O filme começa com uma narração que descreve um pouco de cada personagem que vive no Sítio do Picapau Amarelo. A primeira mencionada é a Dona Benta, vivida por Maria Rosa Moreira, uma velha de mais de sessenta anos. Detalhe para a interpretação da idade da personagem. Ela é a primeira a aparecer chamando as crianças para comer. A Emília, vivida por Olga Maria, é descrita como a ilustre marquesa de Rabicó que fala até pelos cotovelos e lembra bastante a versão da Globo, de 2001, feita por Isabelle Drummond, a personalidade é a mesma, parece a própria. Apesar de a voz ter sido dublada por outra pessoa já que a atriz tinha apenas seis anos de idade e não se via capaz de fazer a dublagem na pós produção. Essa era uma tática para garantir uma boa qualidade de áudio no cinema antigo. A voz foi feita por Wilma Bentivegna.
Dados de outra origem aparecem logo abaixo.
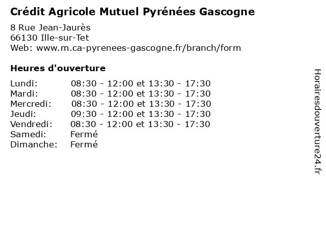 | 1 Crédit Agricole Sud Méditerranée (Distance: 3,72 km) 8 Avenue Jean Jaurès, 66130 Ille-sur-Tet agence, agricole, assurance, bancaire, banque, crédit, méditerranée, sud 2 Coopérative Agricole Ille Fruits (Distance: 4,01 km) 42 Route de Corbère, 66130 Ille-sur-Têt agricole, coopérative, fruits, ille 3 Crédit Agricole (Distance: 4,63 km) 1 Place de la Liberté, 66320 Vinca agence, agricole, assurance, bancaire, banque, crédit 4 Crédit Agricole (Distance: 9,88 km) 114 Rue Jean Jaurès, 66170 Millas agence, agricole, assurance, bancaire, banque, crédit 5 Crédit Agricole (Distance: 12,91 km) 2 Place de France, 66170 Saint-Feliu d'Avall agence, agricole, assurance, bancaire, banque, crédit 6 Caisse D'Allocations Familiales (Caf) des Pyrénées-Orientales (Distance: 14,13 km) 32 Rue Pasteur, 66500 Prades administration, assoc, caf, caisse, d'allocations, des, familiales, orientales, pyrénées, services, services publics |
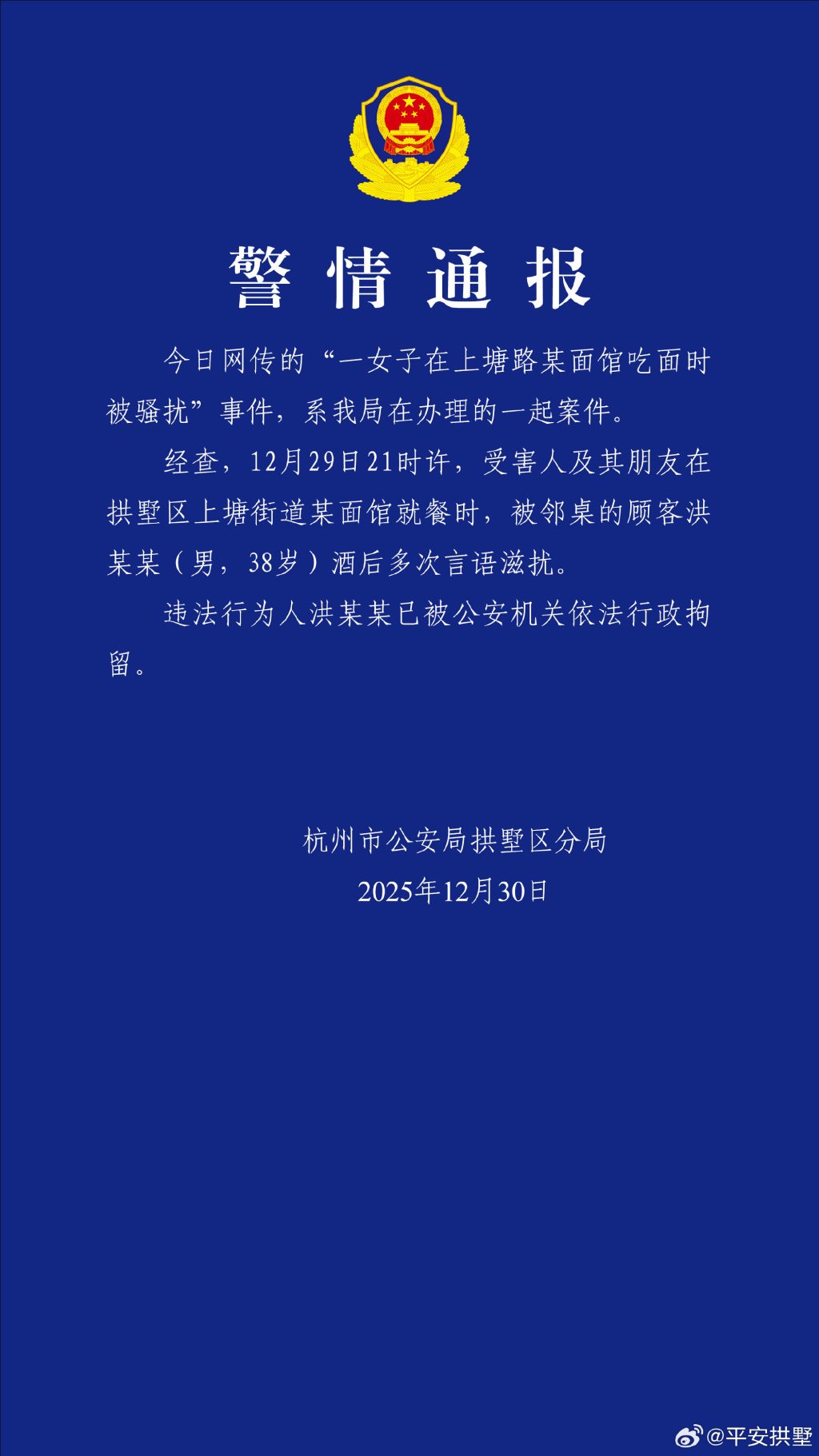 杭州警方通报“女子就餐时被言语骚扰”:涉事男子已被行拘
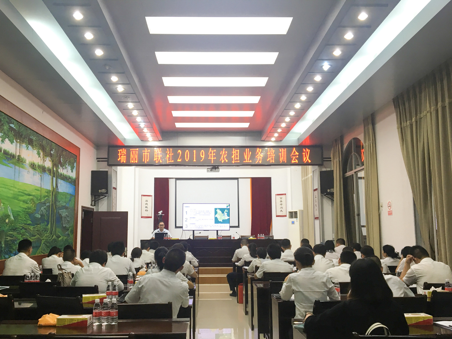 今天的德宏,是我國“一帶一路”的重要國際陸港、面向南亞東南亞輻射中心的關(guān)鍵點、中緬經(jīng)濟走廊的門戶樞紐。為更好的推動自由貿(mào)易試驗區(qū)瑞麗市的業(yè)務(wù)開展,深化銀擔合作,10月29日,德宏辦事處項目經(jīng)理閆忠魁、尹瑞、張雯雯一行赴瑞麗市農(nóng)村信用合作聯(lián)社開展業(yè)務(wù)交流座談會,并受邀進行業(yè)務(wù)培訓會。瑞麗市聯(lián)社監(jiān)事長尹金能、副主任郭建材、信貸部經(jīng)理施婷及市內(nèi)各網(wǎng)點主任及信貸經(jīng)理共40人參會。
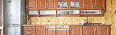 На першому поверсі — кухня (газова плита, холодильник, мікрохвильова піч, електрочайник, необхідний посуд).
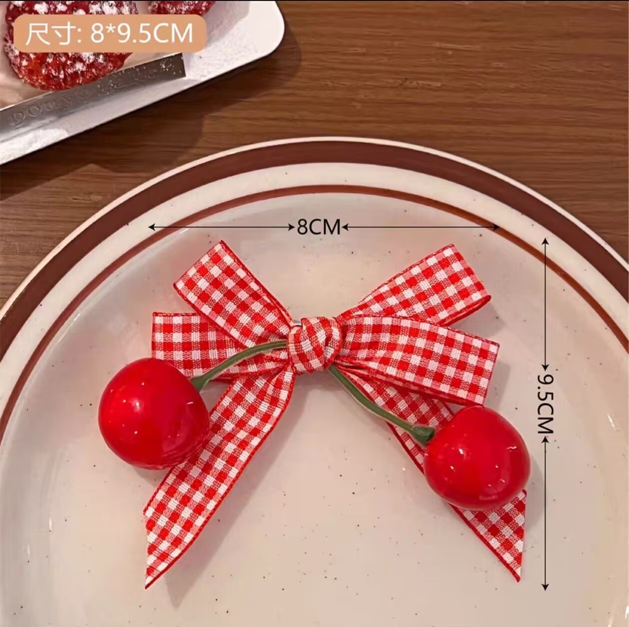 봄과 여름 새로운 달콤한 체리 머리핀 귀여운 소녀 덕빌 클립 소녀 심장 앞머리 클립 뒤 머리 옆 클립

Narizinho é interpretada por Aristeia Paula Souza, e na casa, vive também a Tia Nastácia, interpretada por Benedita Rodrigues. Pedrinho, interpretado por Livio Nanni, é descrito como um menino muito valente, tão valente que não tem medo nem de onça, mas depois a Dona Benta o lembra que ele chora de medo de vespa e que tem medo do Saci. Já o Visconde de Sabugosa não existe na trama.

O filme gira em torno da aventura de Pedrinho que pede conselhos ao Tio Barnabé,  interpretado por Otávio de Araújo, para capturar um Saci. Ele aprende a técnica da garrafa, mas tem dúvida do feito, já que não vê o ente através do vidro.

Pedrinho, apesar de ter medo de vespas, caminha pela mata sem medo dos perigos que ela oferece e dorme, é quando, como havia dito o tio Barnabé, que o Saci, interpretado por Paulo Matosinho, se manifesta e inicia uma relação de amizade com o menino. Ele convence o garoto a libera-lo da garrafa em troca de proteção dos perigos da mata, já que o coração da floresta, onde eles estão, é o local onde se encontram vários personagens perigosos, como lobisomens e mulas sem cabeça.

Outra que corre um grande perigo é Narizinho que tem um encontro inesperado com a Cuca, interpretada pelo ator Mário Meneguelli, e se apresenta com a aparência de uma senhora maltrapilha. Ela oferece uma flor a Narizinho que ao cheira-la se converte em pedra.

Tia Anastácia e Dona Benta procuram as crianças até a meia noite, quando Pedrinho toma conhecimento do sumiço de Narizinho e retorna para procura-la. Junto com o Saci, descobre que era coisa da Cuca e a amarram enquanto dormia para faze-la contar o que havia feito com a Narizinho. Para desfazer o encanto eles precisavam de um fio de cabelo da Iara, a nossa sereia de água doce que, coincidentemente foi vivida por uma atriz chamada Yara, Yara Trexler.

Além do canto hipnotizante de Iara, sua beleza é tão surpreendente que os humanos ficam cegos se a olharem diretamente. É o que acontece com Pedrinho, mas ele tem a visão recuperada pelo Saci. E outro elemento necessário para desfazer a bruxaria da Cuca é uma flor que os dois encontrarm dentro da casa com a qual conseguem reverter o encanto.

Enquanto isso, Emília foi deixada pendurada no varal para secar ao sol. Ela é a única que não viu o Saci, mas recebeu um presente dele, deixado na casa do Tio Barnabé.

O filme O Saci foi lançado no dia 10 de setembro de 1953, cinco anos após a morte de Monteiro Lobato, e se tornou um sucesso comercial ajudando a popularização da obra de Lobato entre as crianças e adultos.

Em 1954, o filme seria apresentado em Cannes e no Festival de Cinema Infantil de Veneza, porém, devido a uma série de contratempos as amostras não aconteceram.

O Saci teve uma segunda estreia no Amazonas Film Festival, na ocasião do 50º aniversário do início das filmagens.